Jack Garden called Sandra Roman to the stand. David Martinez struggled to contain his emotions as he watched his wife raise her right hand to take her oath. Sandra didn’t want to testify but because she and David didn’t have a marriage license, their relationship was only considered a common law marriage. Marital privileges did not

apply. Sandra testified for hours regarding Martinez’s involvement in the Mongols Motorcycle Club. Her responses were tearful and often terse, prompting the court to allow Jack Garden to treat her as a hostile witness. But Sandra’s one word answers and defiant attitude didn’t deter the prosecution. Garden proceeded to display twenty-six articles of evidence taken from Sandra and David Martinez’s bedroom: plaques, party fliers, vests, belts, and T-shirts. There were pictures of Martinez in Mongols clothes and photos of David arm in arm with Mongols’ President, Little Dave. Sandra was cornered. She admitted Martinez owned the items and that he had been involved with the brotherhood for over three years. According to Sandra, David Martinez loved his Mongol “brothers.” She told the court that Martinez’ association with the Mongols upset her. She didn’t like that the club made him pay dues and encouraged him to spend weekends partying away from his family. Garden nodded at Sandra’s explanation. 

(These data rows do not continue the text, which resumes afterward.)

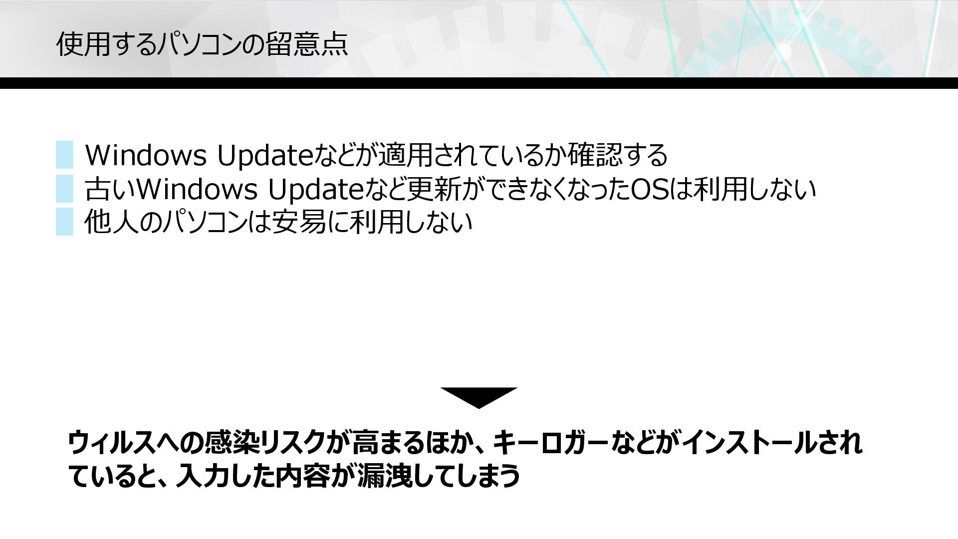 使⽤するパソコンの留意点 ▋Windows Updateなどが適⽤されているか確認する ▋古いWindows Updateなど更新ができなくなったOSは利⽤しない ▋他⼈のパソコンは安易に利⽤しない ウィルスへの感染リスクが⾼まるほか、キーロガーなどがインストールされ ていると、⼊⼒した内容が漏洩してしまう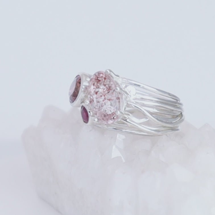 Always popular, Angela's flowing rings feature a selection of stones in varying sizes and colours. This ring features a stunning 4.1ct, 13x8mm ‘Super Seven’ Oval, along with a 10x8mm Tourmaline Oval and a 5mm round Ruby.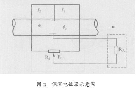 在污水電磁流量計(jì)變送器的結(jié)構(gòu)中,應(yīng)使閉環(huán)的平面與交變磁力線保持平行,以避免磁力線通過閉環(huán),并應(yīng)設(shè)置千擾調(diào)節(jié)機(jī)構(gòu),以減少千擾。干擾信號ET。另外,在變壓器干式饋線上設(shè)置零電位器。如圖2所示。兩根導(dǎo)線從一個電極引出,分別繞過磁極形成兩個回路。當(dāng)磁力線被共同保護(hù)以通過閉合回路時,有必要在兩個回路中沿相反的方向產(chǎn)生感應(yīng)電勢。因此,在兩個回路中存在相反方向的電流I1和I2。通過調(diào)節(jié)零電位器,R輸入上兩個電路中的電流I1和I2產(chǎn)生的電位相互抵消,以減少90°干擾信號。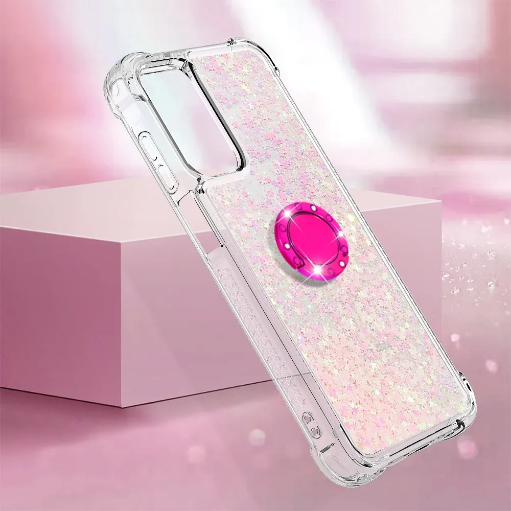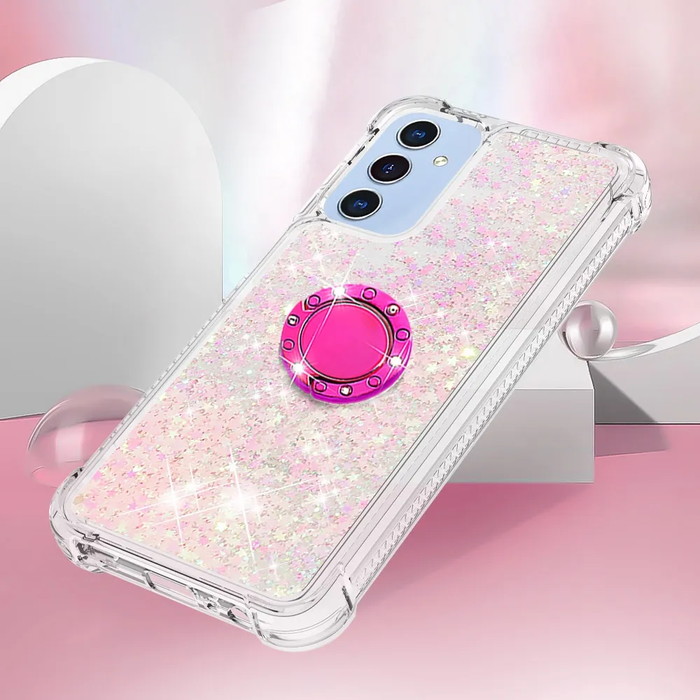 Glitt přesýpací gelový obal s kroužkem na prst na Samsung Galaxy A17 4G/5G - růžový/hvězdičky

Then he took his questions one step further. “He would go out with them and he would smoke meth with them. Is that right?” Sandra hesitated, delicate in her response. She recalled that Martinez told her that he was struggling with meth addiction three weeks prior to the incident. He was getting ahead of work so that he could spend time in treatment. They had already visited the hospital where Martinez planned to

be admitted. Garden paced by the jury box and inquired about the night of Officer Diamond’s death. “And on the night or morning when you saw him in the office he was high on methamphetamine, correct?” Sandra responded quietly. “I assume so. Yes.” She recounted that Martinez was hyperactive and sweating. And it wasn’t usual for him to be up at 3am. When Sandra stepped down, David gave her a small smile as he folded and unfolded scraps of paper on the counsel’s table. 

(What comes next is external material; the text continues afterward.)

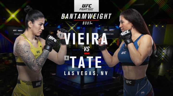 В 2016 году Миша Тэйт после поражений от Аманды Нуньес и Ракель Пенингтон заявила о завершении карьеры, но спустя пять лет вернулась в октагон. На турнире UFC on ESPN 26 она победила Марион Рено техническим нокаутом в третьем раунде и ворвалась на восьмую строчку рейтинге бойцов легчайшего дивизиона. Если учитывать, что россиянка Яна Куницкая взяла отпуск в связи с беременностью, то еще одна победа выведет Тэйт в топ-5. Ее соперница из Бразилии Кетлин Виера на данный момент находится на седьмой строчке. В последнем бою она уступила Куницкой единогласным решением судей.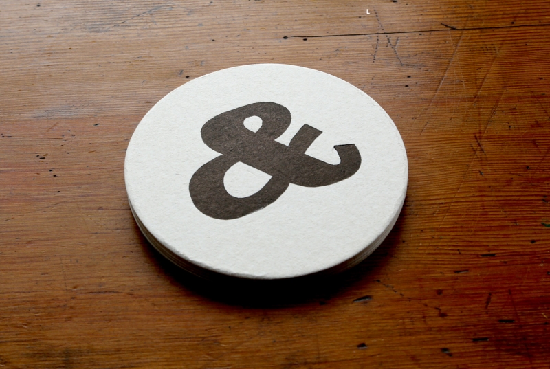 These gorgeous 107mm diameter beermats are printed with a vintage wood block '&' in black ink onto natural white pulpboard.

It had taken weeks for the prosecutors to paint David Martinez as a hardened gang member but now the portrait was vivid. The defendant once shrouded in innocence now looked the part of a criminal drug user who might shoot a cop for bragging rights. Martinez’s worried glance at Sullivan betrayed his fear. How could a jury believe the word of a Mongol over the testimony of officers? Sullivan reassured him. 

The public defender had a plan and he wasn’t going down without a fight.